Although alternating intervention and control periods strengthen a before-after design, random allocation of participants to a concurrent control group remains the strongest study design for evaluating therapeutic or preventive interventions. As part of randomization, allocation of groups should be concealed from those involved in the study. Fortunately, randomization has been recognized as an important way to evaluate CDSS.7
If the Intervention Primarily Targeted Clinicians, Was the Clinician or Clinician Group (Cluster) the Unit of Analysis?
The unit of analysis is a special issue for CDSS evaluation. For most RCTs, the unit of allocation is the patient. Most CDSS evaluations target clinician behavior. Hence, investigators may randomize individual clinicians or clinician clusters, such as health care teams, hospital wards, or outpatient practices.8 Unfortunately, investigators using such designs often analyze their data as if they had randomized patients.9,10 This mistake, the unit of analysis error, occurs frequently and can generate spuriously low (ie, significant) P values.11 A unit of analysis error should be suspected if a study about a CDSS does not describe the number and characteristics of clinicians (eg, level of clinical experience or specialization, sex, and duration of EMR use) in each arm of a trial.9-11
To deepen your understanding of the problem, consider a hypothetical example. Imagine a study in which an investigator randomizes 2 teams of clinicians to a CDSS and another 2 teams to standard practice. During the study, each team sees 5000 patients. If the investigator analyzes the data as if patients were individually randomized, the sample size appears very large. However, if there are underlying differences between the teams in the patient characteristics, or in how the patients are managed, such differences—rather than the intervention—might well explain differences in the outcomes. Were this the case, we would need to randomize many teams before the patient characteristics or management styles would balance out between groups. At the one extreme, each of the 4 teams is very different; under these circumstances, it is as if we are randomizing only 4 individuals, and the sample size is effectively 4. At the other extreme, the teams are identical in all characteristics other than the intervention, in which case the situation is as if we randomized 20000 individuals, 10000 to each group.
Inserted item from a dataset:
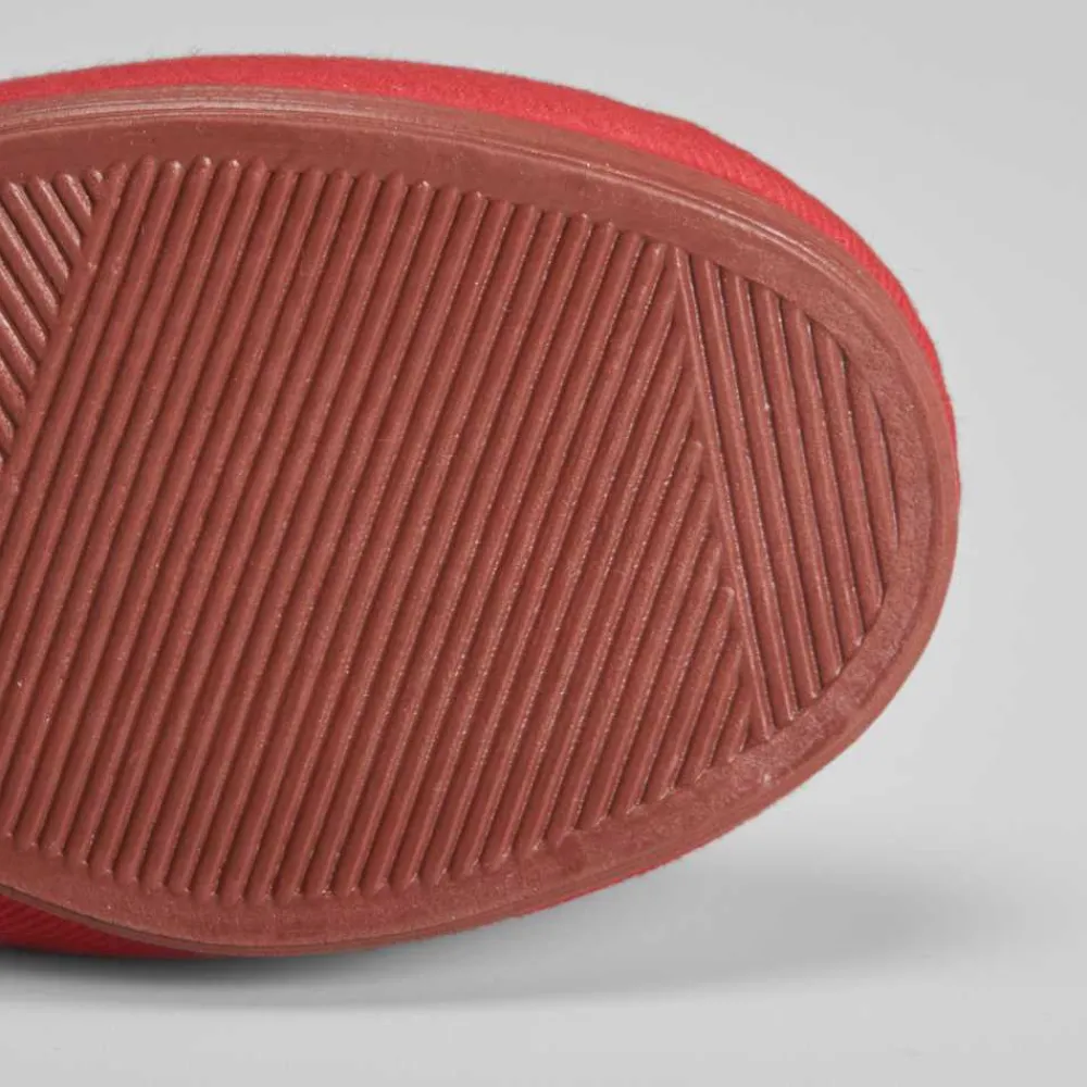 Zapatilla kunfu de la marca SEVEN FIVE. Modelo en color rojo con dos elásticos y suela ligera de goma. Hecho en España.

A statistic called the intraclass correlation coefficient tells us about the correlation of observations (in this case, observations of patients) within clusters. For instance, if one team had a very high proportion of old patients with strokes and uniformly poor outcomes and another team had a high proportion of younger patients with pneumonia and uniformly good outcomes, the intraclass correlation would be high (close to 1.0), and we would be reluctant to attribute differences in outcome to the intervention. On the other hand, if both teams had a similar broad range of patients with widely varying outcomes, the intraclass correlation would be low (close to 0), and we would be more comfortable attributing differences to the intervention. Thus, if the intraclass correlation is high, then the inferences we could make would differ little from those that would be possible if we had randomized only 4 individuals (2 per group), which raises questions about our ability to ensure prognostic similarity in the 2 groups at baseline. If the intraclass correlation is low, the likelihood of prognostic balance at baseline is much greater, and the inferences we can make are similar to those that would be possible if we randomized 10000 patients to each group.
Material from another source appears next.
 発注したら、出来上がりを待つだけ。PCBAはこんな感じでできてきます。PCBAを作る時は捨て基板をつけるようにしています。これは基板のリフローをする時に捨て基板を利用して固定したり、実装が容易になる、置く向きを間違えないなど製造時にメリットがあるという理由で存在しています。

Obtaining a sufficient sample size and a balance of important prognostic factors between groups can therefore be difficult when randomizing physicians and health care teams. If only a few health care teams are available, investigators can pair them according to their similarities on numerous factors, then randomly allocate the intervention within each matched pair.12-15 A systematic review of 88 RCTs evaluating the effect of CDSSs found that 43 of 88 were cluster randomized trials and that 53 of 88 failed to either use cluster as the unit of analysis or adjust for clustering in the analysis (cluster analysis).7
Were Participants Analyzed in the Groups to Which They Were Randomized?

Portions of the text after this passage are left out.